Home is where the Wind Blows


Book Description

In Home Is Where the Wind Blows, Sir Fred Hoyle, one of this century's most eminent scientists and author of dozens of successful books, both fiction and nonfiction, offers a revealing and charming account of his life and work. Mathematician, physicist, astronomer, cosmologist - Sir Fred is perhaps best known, in scientific circles, for his brilliant explanation of the origin of the elements from hydrogen nuclei in stars (a process known as nucleosynthesis) and for developing (with Sir Hermann Bondi and Thomas Gold) the elegant but controversial steady-state theory of the Universe (which assumes the continuous creation of matter).

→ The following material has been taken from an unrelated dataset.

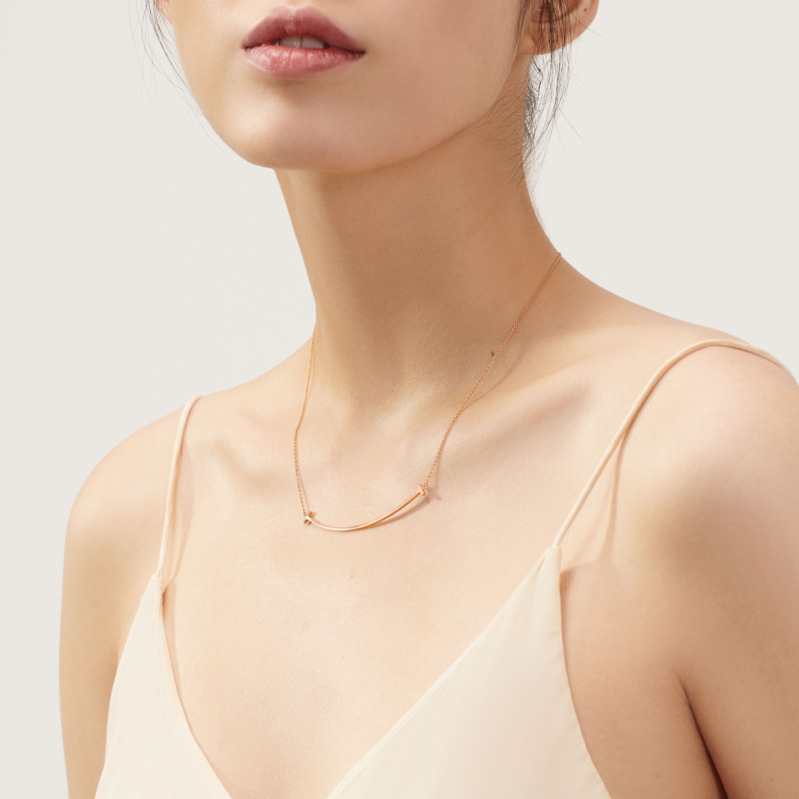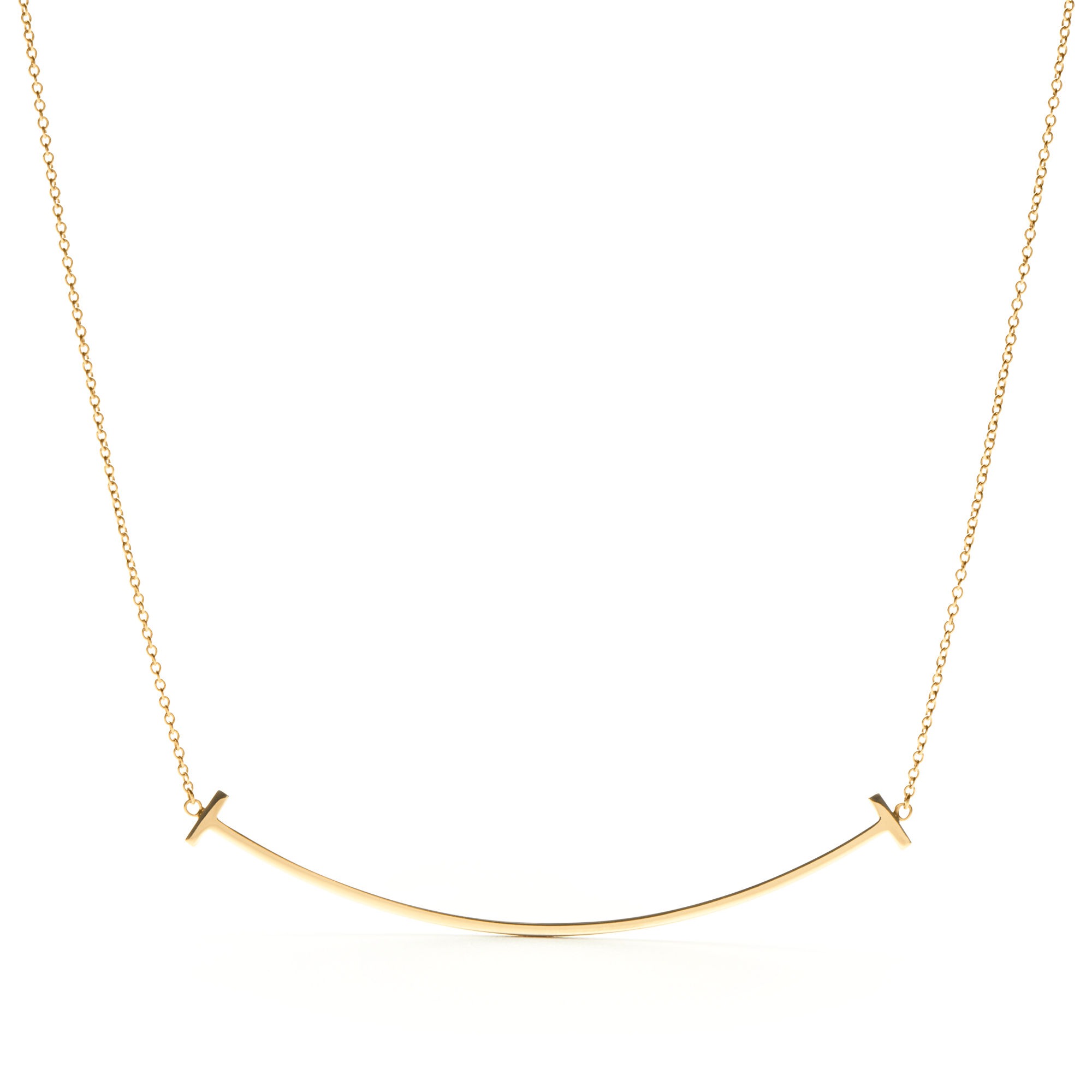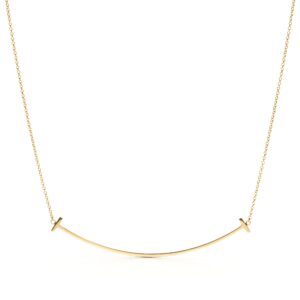 Modern, sleek, and full of effortless confidence—the Tiffany T Smile Pendant in Large makes a bold yet refined statement. Designed with the signature curved bar silhouette from the iconic Tiffany T collection, this larger-size pendant offers a graceful sweep across the neckline, creating a look that is both sculptural and elegantly minimal.

In 1950, in the last of a series of radio lectures on astronomy that he delivered on the air for the BBC, Sir Fred coined the term "Big Bang" to characterize the competing expanding-Universe theory, which has since become the dominant paradigm. Ironically, the term has become a permanent addition to the language of cosmology. Sir Fred's name has become well known to the general public because of his unusual ability to describe the ideas of science in a simple and accessible way. In addition to his scientific work, he has written more than a dozen works of popular science (many of them widely translated) and more than a dozen works of science fiction (most of them in collaboration with his son, Geoffrey). In all his work, Sir Fred has shown himself to be ready and able to challenge established thinking. In the author's amusing and memorable account of his childhood in Home Is Where the Wind Blows, the reader will see how this came to be true. Possessed since infancy with a strong streak of independence, he was encouraged by his parents, throughout his schoolyears, to trust his own judgment and to think for himself.